Just think for a moment how small a proportion of his life a 2-dan amateur has spent on studying go.

Author:  lorill [ Wed Dec 29, 2010 6:20 am ]
Post subject:  Re: The Shodan Go Bet

and to drive ? I bet he used more time on go than on driving a car...

Author:  Mike Novack [ Wed Dec 29, 2010 6:46 am ]
Post subject:  Re: The Shodan Go Bet

Perhaps all creators of go playing software, especially if this is software for sale, should indicate on what power machine any claims of the strength of the software are based. Fotland does tell if you ask. And it is why he calls MFOG 12.021 "1 dan" even though the bot playing on KGS holds a 2 dan rank.

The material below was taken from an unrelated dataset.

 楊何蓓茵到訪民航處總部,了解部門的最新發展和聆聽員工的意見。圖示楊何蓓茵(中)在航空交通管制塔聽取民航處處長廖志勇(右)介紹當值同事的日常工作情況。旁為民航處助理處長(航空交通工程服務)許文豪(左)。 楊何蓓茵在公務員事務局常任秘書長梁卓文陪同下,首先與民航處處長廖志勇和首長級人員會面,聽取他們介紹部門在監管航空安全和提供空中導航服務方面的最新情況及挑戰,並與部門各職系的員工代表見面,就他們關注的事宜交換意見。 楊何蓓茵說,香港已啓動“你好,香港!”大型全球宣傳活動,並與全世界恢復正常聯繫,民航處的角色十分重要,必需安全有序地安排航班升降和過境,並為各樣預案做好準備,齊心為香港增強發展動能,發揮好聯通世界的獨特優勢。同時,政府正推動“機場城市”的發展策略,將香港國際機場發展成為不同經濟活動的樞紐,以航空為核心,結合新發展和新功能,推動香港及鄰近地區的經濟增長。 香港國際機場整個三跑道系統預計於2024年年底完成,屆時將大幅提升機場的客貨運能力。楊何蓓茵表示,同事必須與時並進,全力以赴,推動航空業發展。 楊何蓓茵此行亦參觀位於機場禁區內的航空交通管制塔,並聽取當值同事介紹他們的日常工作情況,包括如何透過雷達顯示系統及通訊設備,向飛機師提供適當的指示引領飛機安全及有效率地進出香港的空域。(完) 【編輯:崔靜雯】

Is his definition of "standard" reasonable?
Well it's about the strength of a good current "consumer grade" laptop or a "professional grade" one from several years ago*. Not unreasonable to expect that his consumers might have available a machine of that power. But we should note that this might be more power than a current "consumer grade" netbook would have. Anybody considering buying any software needs to find out how it can be expected to perform on their available hardware.

Is "standard" universal?
Of course not. A different creator of software might target a different consumer market as primary. But as I noted, should tell you. In my opinion it would have been wrong/deceptive for Fotland to have called MFOG 12.021 "2 dan" just because it might be able to play at that level on KGS when running on a workstation many times more powerful than he could expect his customers to possess. But notice that this isn't quite the same as the "system requirements" (minimum machine for some software application). For example, MFOG 12.021 would run on a weaker machine, just slower (for the same time control, weaker) but this would not affect the non-playing aspects of the application (problems, for example).

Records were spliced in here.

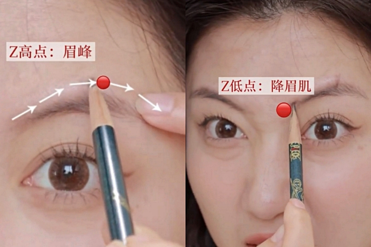 一樣用手稍微捏住「眼輪匝肌」,在最高點的位置用眉筆稍微畫出記號,這就是眉峰的位置,接著手指往眼頭方向摸、約與鼻樑銜接部位會有一個低點,這就是眉頭的位置「降眉肌」,一樣也先用眉筆標記出來。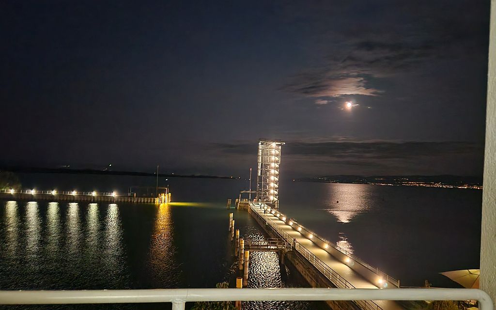 Ausklang bei uns mit Mond und Perlenkette rechts (schweizer Ufer)
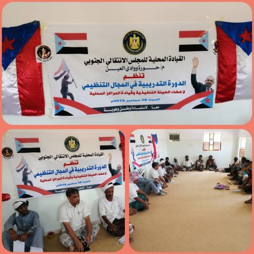 نظمت القيادة المحلية للمجلس الانتقالي الجنوبي مديرية حورة ووادي العين بمحافظة حضرموت ممثلة بالإدارة التنظيمية، اليوم السبت، دورة تدريبية في المجال التنظيمي لأعضاء الهيئة التنفيذية للقيادة المحلية للمجلس ورؤساء ونواب ورؤساء الإدارات التنظيمية بالمراكز المحلية التي تم إشهارها مؤخرا.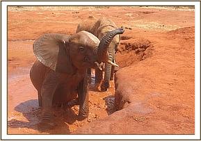 Seraa drinking with Wasessa, Rombo and Dabassa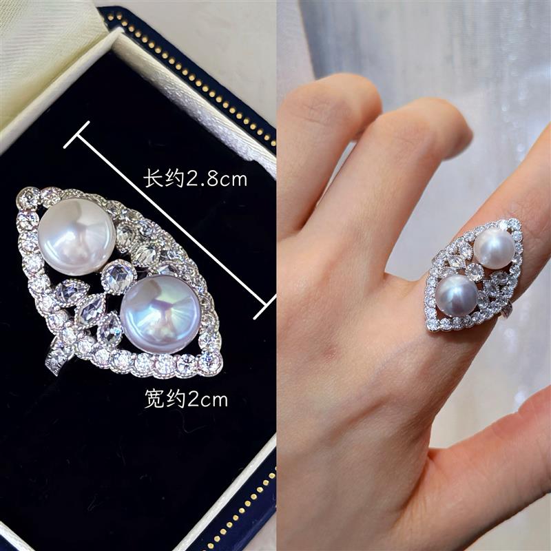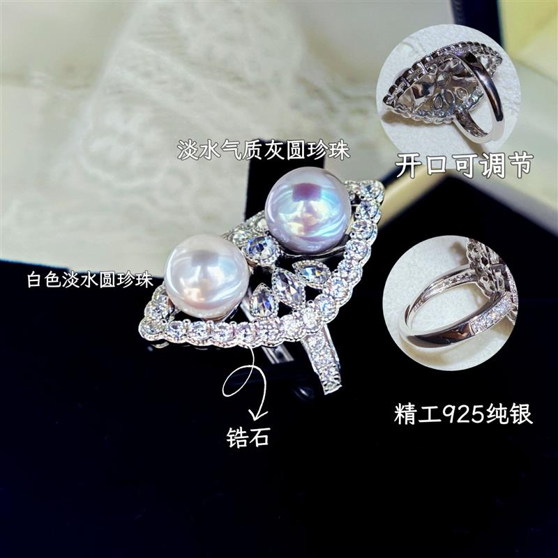 诸暨源头蕾丝复古双珠镂空S925纯银天然淡水圆珍珠开口可调戒指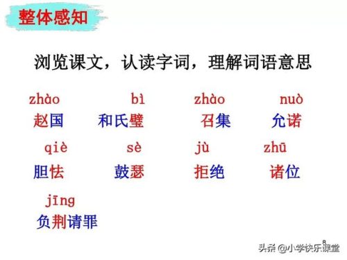 负荆请罪:现表示主动向对方承认错误,请求责罚。本课指廉颇脱下战袍,背上荆条,到蔺相如门上请罪。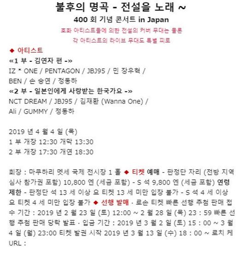 두번째 공식 스케줄은 일본 불후의명곡 출현이래 ㅠㅠ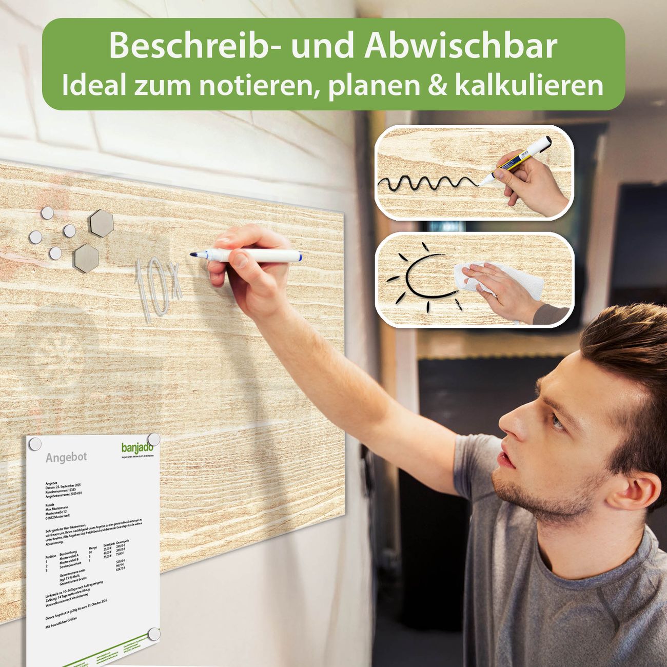 Material: 4mm Sicherheitsglas mit Metallrückwand Eigenschaften: beschreibbar, magnetisch, kratzfest Maße: 120x60x0,6cm, 10,80kg schwer Motiv Nummer 11276 Bretter Zubehör: inklusive 4 Neodym-Magnete

Is there a problem? (for the consumers)
Yes, I think so. But we can scarcely blame the developers for the lack of understanding among users that the fact that their old desktop or a netbook performs perfectly well browsing the internet or doing other non computationally intesive tasks doesn't mean it will work well compared to a more powerful machine when a "crunch" is involved. Probably >99% of users never use their computers for a computationally intensive task.

Can you call it a "standard machine"?
Of course. It's up to you to decide what sort of machine you consider adequate for go playing software. Look, this can be important when we compare go software. The programs using MCTS are computationally intesive but the ones using just an AI are often not and need comparatively less computer power. This affects the relative strength we would expect if the machine power is dropped below what the MCTS program needs but which is adequate for the AI. Thus I would expect the difference in strength between MFOG 12.021 and gnugo to be more if both were running on my T61 compared to both running on this old desktop (fine for browsing and email but only about 1/4 of a machine "standard" for MFOG 12). That's because the gnugo would remain at the same strength but the MFOG 12 would play weaker.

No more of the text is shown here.